This code is for the paper: Achieve Performatively Optimal Policy for Performative Reinforcement Learning 

Simply run “main.py”. It will implement both our 0-FW algorithm and the repeated training algorithm, and compute the entropy value, unregularized and regularized performative value function values of every generated policy. These three quantities have the following relationship:

Regularized performative value=Unregularized performative value + lambda * Entropy (lambda=0.5)

A new folder called “Results_PerformativeRL” will be created.
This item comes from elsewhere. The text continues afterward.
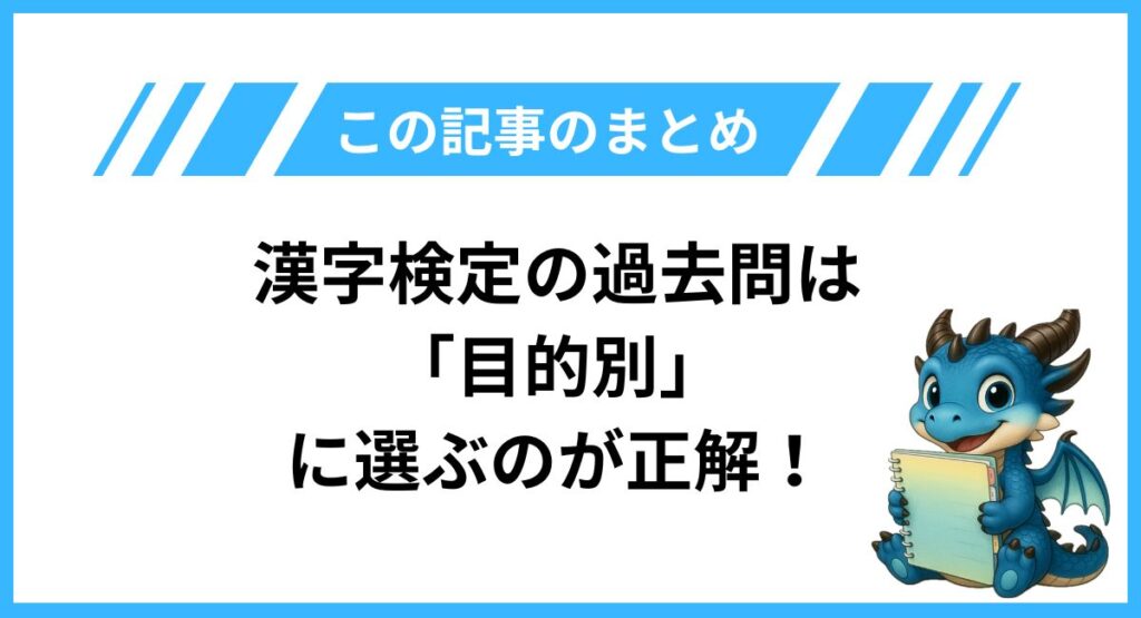 まとめ:漢字検定の過去問は「目的別」に選ぶのが正解

Then in this folder, the code will generate the result figures "simulation_lambda0.5.png" and "simulation_unreg.png", the learning curves of respectively the regularized and unregularized performative value function, as well as the following files saving the result data as numpy arrays.

"RepeatedTraining_V_unreg.npy": The unregularized performative value function of the policies generated from the repeated training algorithm. 
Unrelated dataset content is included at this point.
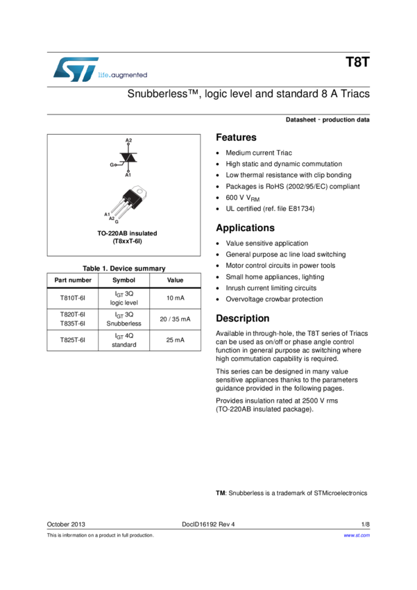 Thyristor TRIAC 600V 84A 3-Pin(2+Tab) D2PAK T/R

"RepeatedTraining_V_entropy.npy": The entropy values of the policies generated from the repeated training algorithm. 

"RepeatedTraining_V_reg_lambda0.5.npy": The regularized performative value function of the policies generated from the repeated training algorithm. 
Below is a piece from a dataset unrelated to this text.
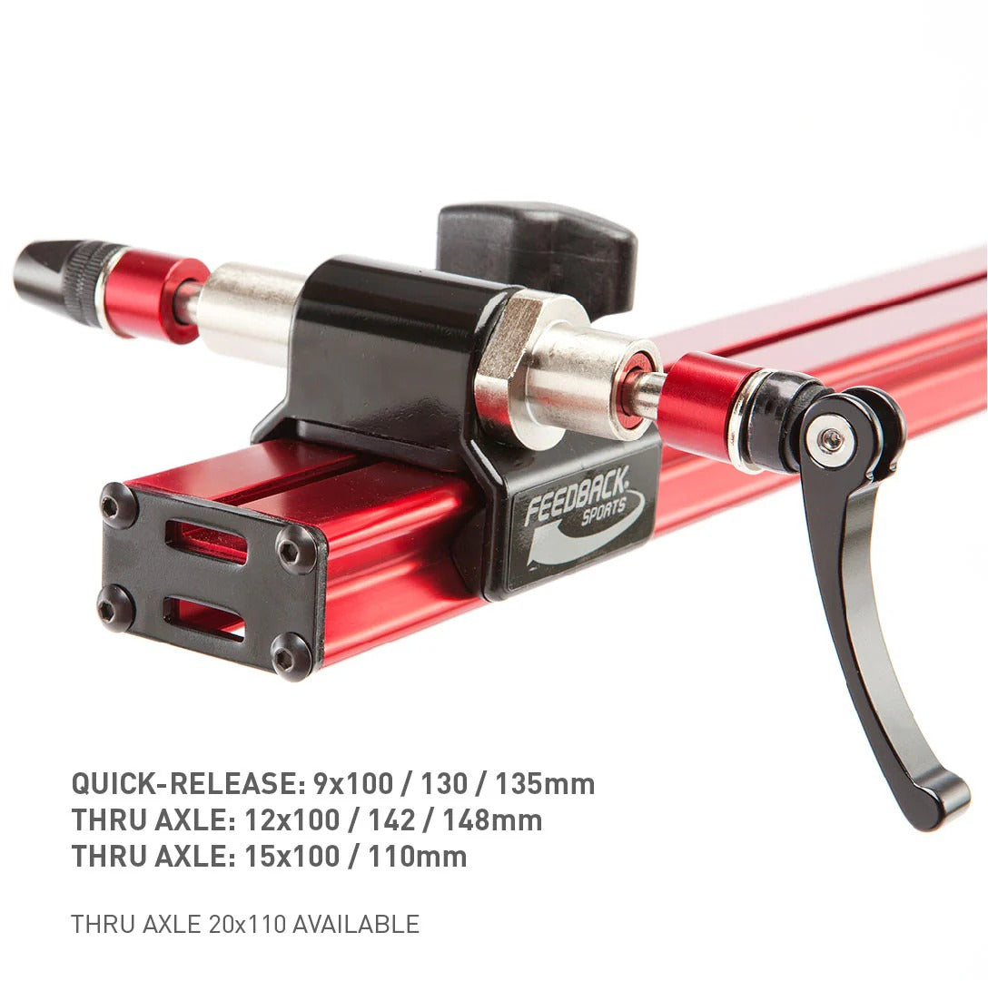 Le Sprint s’adapte rapidement à tous les vélos, qu’il s’agisse de cadres aérodynamiques de route ou de triathlon, avec des standards de montage Quick-Release et Thru-Axle. Sa plateforme rotative à 360° permet d’accéder facilement à tous les points du vélo tout en restant près de vos outils, optimisant le flux de travail pour le nettoyage, l’entretien et les réparations. Les adaptateurs fournis couvrent les axes standards : Quick-Release 9×100/130/135 mm et Thru-Axle 12×100/142/148 mm, ainsi que 15×100/110 mm pour l’avant, avec possibilité d’acheter un adaptateur supplémentaire 20×110 mm.

"0FW_V_unreg.npy": The unregularized performative value function of the policies generated from our 0-FW algorithm. 
"0FW_V_entropy.npy": The entropy values of the policies generated from our 0-FW algorithm. 

"0FW_V_reg_lambda0.5.npy": The regularized performative value function of the policies generated from our 0-FW algorithm. 

Our experiment is run on Python 3.9 in a MacBook Pro laptop with 500 GB Storage and 8-core CPU (16 GB Memory), taking about 110 minutes.